In the listing below, find the line with "会议期间,杭州市拱墅区人民政" and the line with "Xmas Golden Snowflakes", then return them and every line between them exactly, minus the pictures.
####################
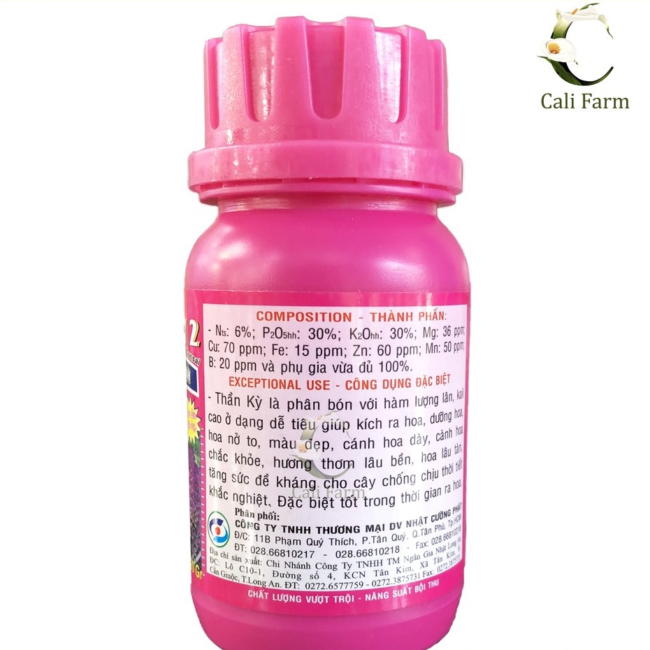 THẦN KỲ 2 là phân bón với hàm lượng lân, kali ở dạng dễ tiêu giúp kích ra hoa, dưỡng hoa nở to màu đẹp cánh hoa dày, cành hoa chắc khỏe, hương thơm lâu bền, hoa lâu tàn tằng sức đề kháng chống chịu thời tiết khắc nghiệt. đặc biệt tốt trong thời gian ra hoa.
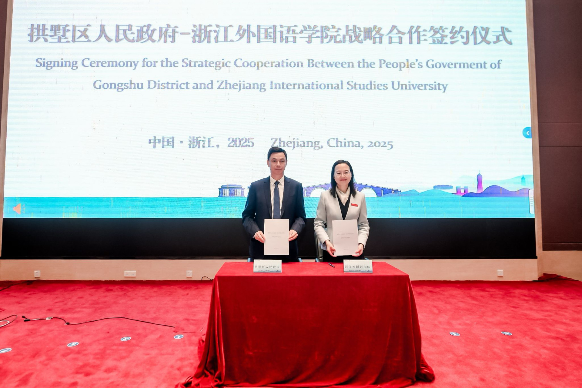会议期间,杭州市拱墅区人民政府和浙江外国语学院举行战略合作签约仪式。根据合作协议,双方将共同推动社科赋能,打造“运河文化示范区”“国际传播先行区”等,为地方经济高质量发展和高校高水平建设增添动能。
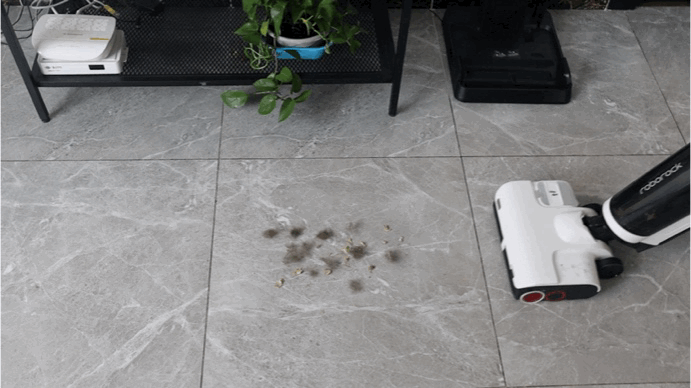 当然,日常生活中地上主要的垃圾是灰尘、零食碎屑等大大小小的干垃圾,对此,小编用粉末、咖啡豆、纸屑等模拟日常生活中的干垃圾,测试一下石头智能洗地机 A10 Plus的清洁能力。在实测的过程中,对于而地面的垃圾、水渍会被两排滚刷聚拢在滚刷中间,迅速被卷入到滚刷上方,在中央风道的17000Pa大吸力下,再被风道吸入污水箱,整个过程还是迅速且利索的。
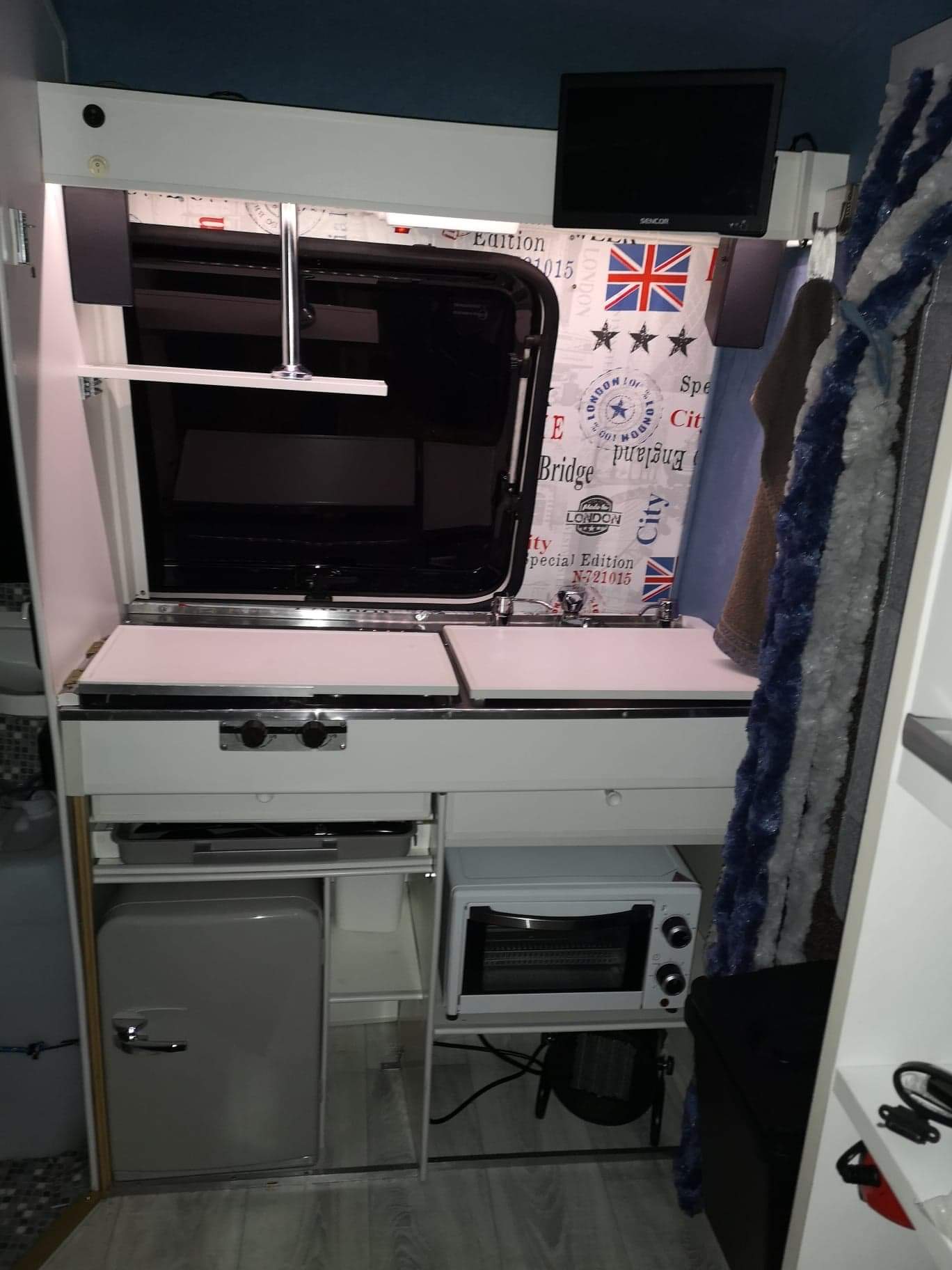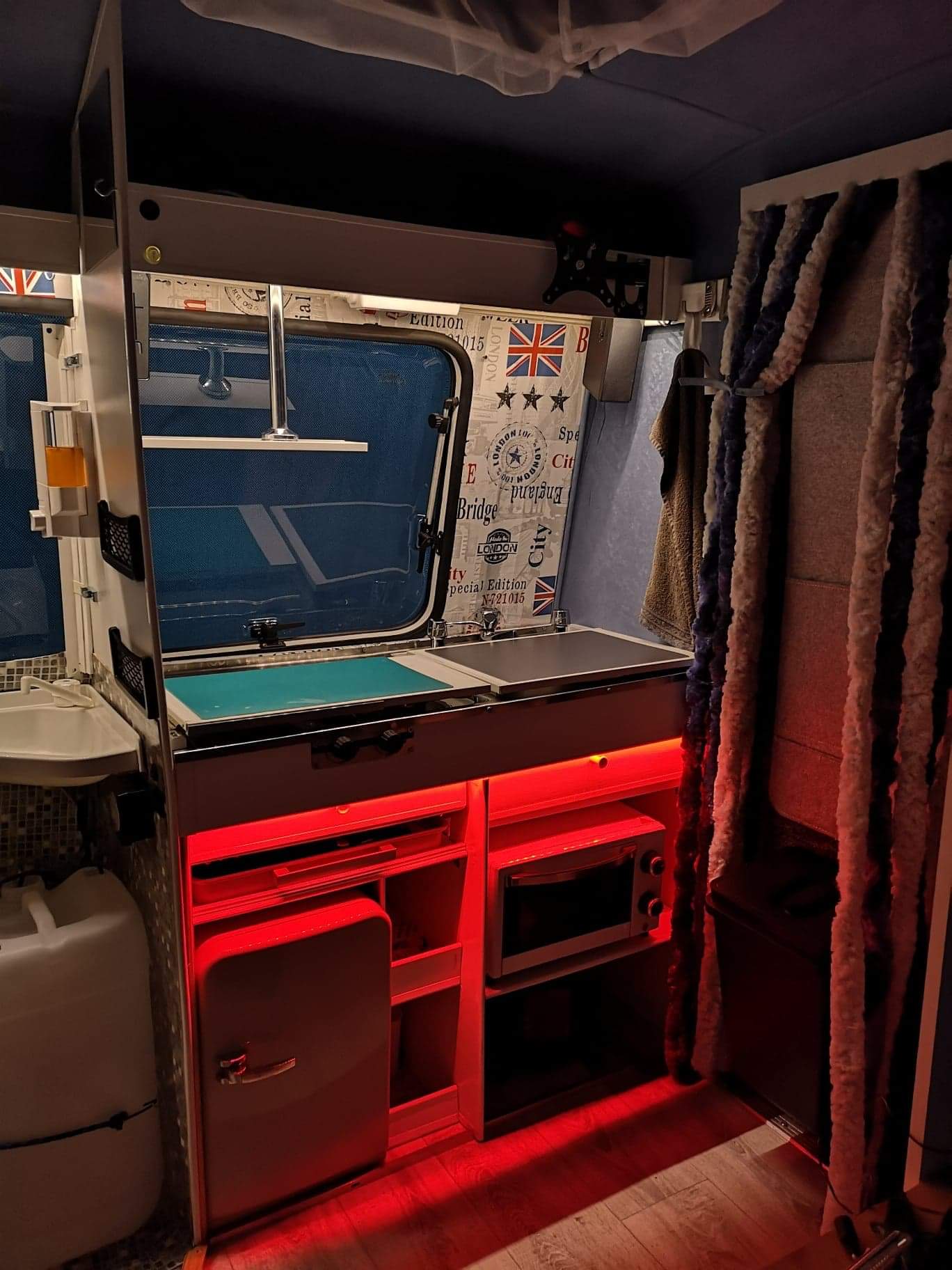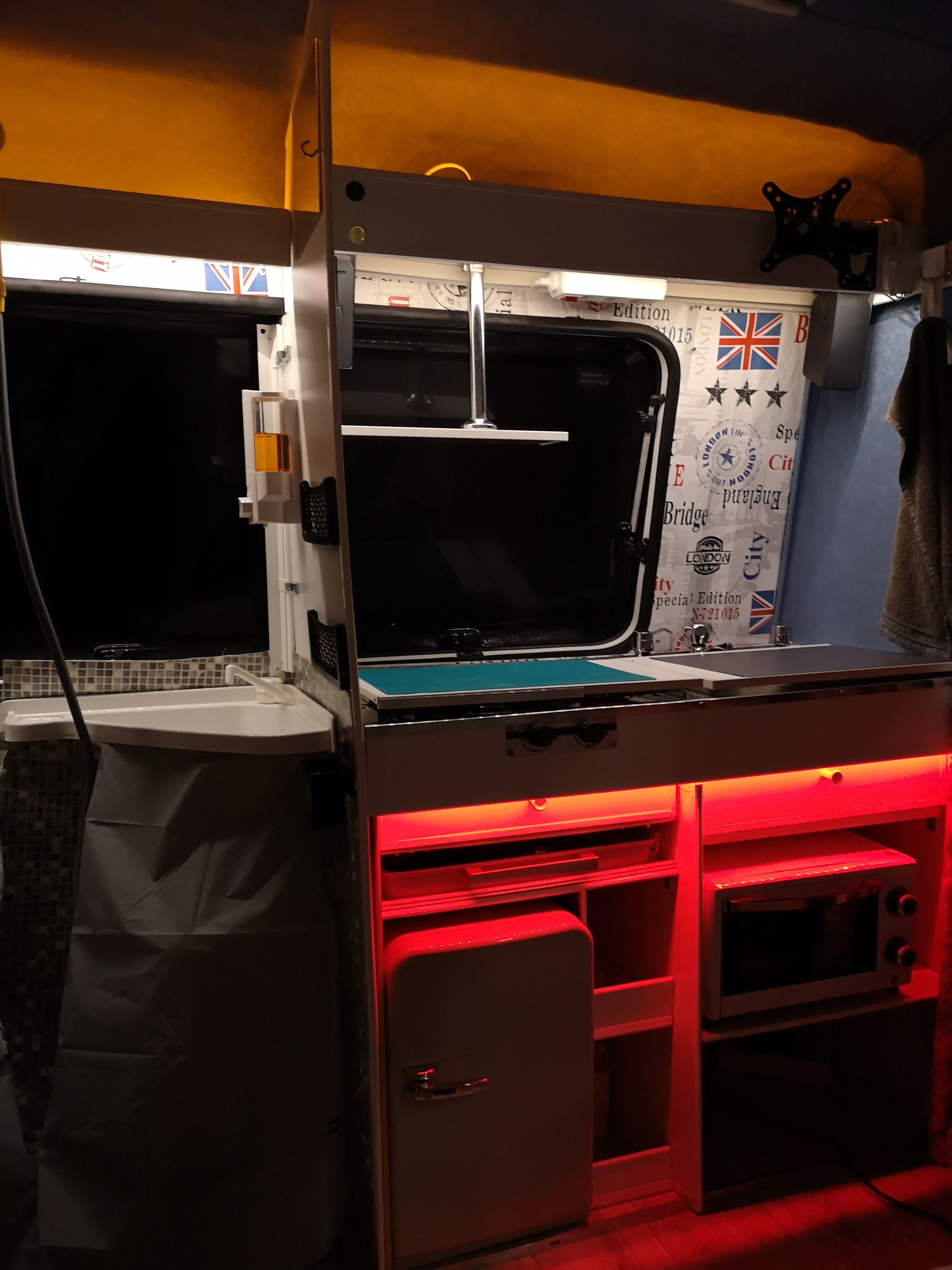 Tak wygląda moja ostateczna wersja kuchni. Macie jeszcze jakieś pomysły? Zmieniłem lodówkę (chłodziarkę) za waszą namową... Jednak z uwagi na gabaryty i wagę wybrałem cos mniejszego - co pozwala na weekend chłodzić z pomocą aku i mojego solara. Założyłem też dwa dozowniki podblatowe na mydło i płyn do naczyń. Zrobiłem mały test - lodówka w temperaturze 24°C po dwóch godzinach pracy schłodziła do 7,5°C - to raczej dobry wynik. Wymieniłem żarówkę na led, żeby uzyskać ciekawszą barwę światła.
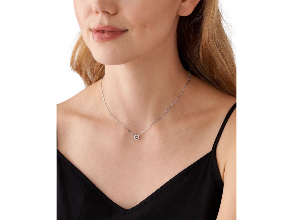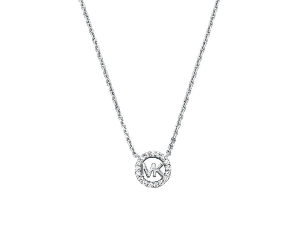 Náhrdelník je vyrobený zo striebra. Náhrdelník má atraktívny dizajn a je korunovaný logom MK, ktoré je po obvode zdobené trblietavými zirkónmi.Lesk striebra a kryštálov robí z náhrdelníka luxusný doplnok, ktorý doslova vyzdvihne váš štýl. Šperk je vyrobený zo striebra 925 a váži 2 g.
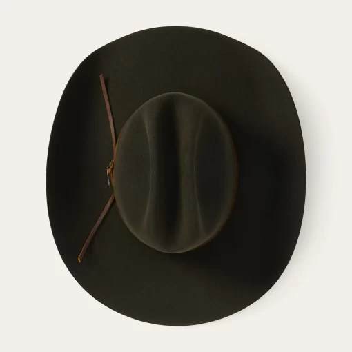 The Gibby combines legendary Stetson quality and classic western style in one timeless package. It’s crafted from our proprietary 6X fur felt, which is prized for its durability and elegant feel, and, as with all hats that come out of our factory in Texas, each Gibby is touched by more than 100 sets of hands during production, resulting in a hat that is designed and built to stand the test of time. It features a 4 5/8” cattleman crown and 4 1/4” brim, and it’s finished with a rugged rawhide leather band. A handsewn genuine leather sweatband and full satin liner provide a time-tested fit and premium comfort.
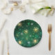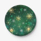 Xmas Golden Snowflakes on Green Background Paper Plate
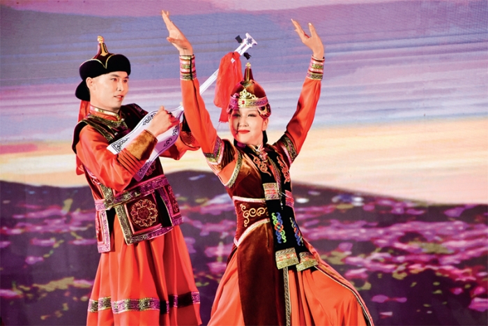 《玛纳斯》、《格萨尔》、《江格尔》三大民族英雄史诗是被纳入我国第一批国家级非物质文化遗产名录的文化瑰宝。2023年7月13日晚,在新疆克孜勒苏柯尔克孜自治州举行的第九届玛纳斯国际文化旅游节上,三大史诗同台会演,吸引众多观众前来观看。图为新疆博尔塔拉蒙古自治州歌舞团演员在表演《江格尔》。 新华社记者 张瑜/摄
####################
TASK ANSWER
会议期间,杭州市拱墅区人民政府和浙江外国语学院举行战略合作签约仪式。根据合作协议,双方将共同推动社科赋能,打造“运河文化示范区”“国际传播先行区”等,为地方经济高质量发展和高校高水平建设增添动能。
 当然,日常生活中地上主要的垃圾是灰尘、零食碎屑等大大小小的干垃圾,对此,小编用粉末、咖啡豆、纸屑等模拟日常生活中的干垃圾,测试一下石头智能洗地机 A10 Plus的清洁能力。在实测的过程中,对于而地面的垃圾、水渍会被两排滚刷聚拢在滚刷中间,迅速被卷入到滚刷上方,在中央风道的17000Pa大吸力下,再被风道吸入污水箱,整个过程还是迅速且利索的。
 Tak wygląda moja ostateczna wersja kuchni. Macie jeszcze jakieś pomysły? Zmieniłem lodówkę (chłodziarkę) za waszą namową... Jednak z uwagi na gabaryty i wagę wybrałem cos mniejszego - co pozwala na weekend chłodzić z pomocą aku i mojego solara. Założyłem też dwa dozowniki podblatowe na mydło i płyn do naczyń. Zrobiłem mały test - lodówka w temperaturze 24°C po dwóch godzinach pracy schłodziła do 7,5°C - to raczej dobry wynik. Wymieniłem żarówkę na led, żeby uzyskać ciekawszą barwę światła.
 Náhrdelník je vyrobený zo striebra. Náhrdelník má atraktívny dizajn a je korunovaný logom MK, ktoré je po obvode zdobené trblietavými zirkónmi.Lesk striebra a kryštálov robí z náhrdelníka luxusný doplnok, ktorý doslova vyzdvihne váš štýl. Šperk je vyrobený zo striebra 925 a váži 2 g.
 The Gibby combines legendary Stetson quality and classic western style in one timeless package. It’s crafted from our proprietary 6X fur felt, which is prized for its durability and elegant feel, and, as with all hats that come out of our factory in Texas, each Gibby is touched by more than 100 sets of hands during production, resulting in a hat that is designed and built to stand the test of time. It features a 4 5/8” cattleman crown and 4 1/4” brim, and it’s finished with a rugged rawhide leather band. A handsewn genuine leather sweatband and full satin liner provide a time-tested fit and premium comfort.
 Xmas Golden Snowflakes on Green Background Paper Plate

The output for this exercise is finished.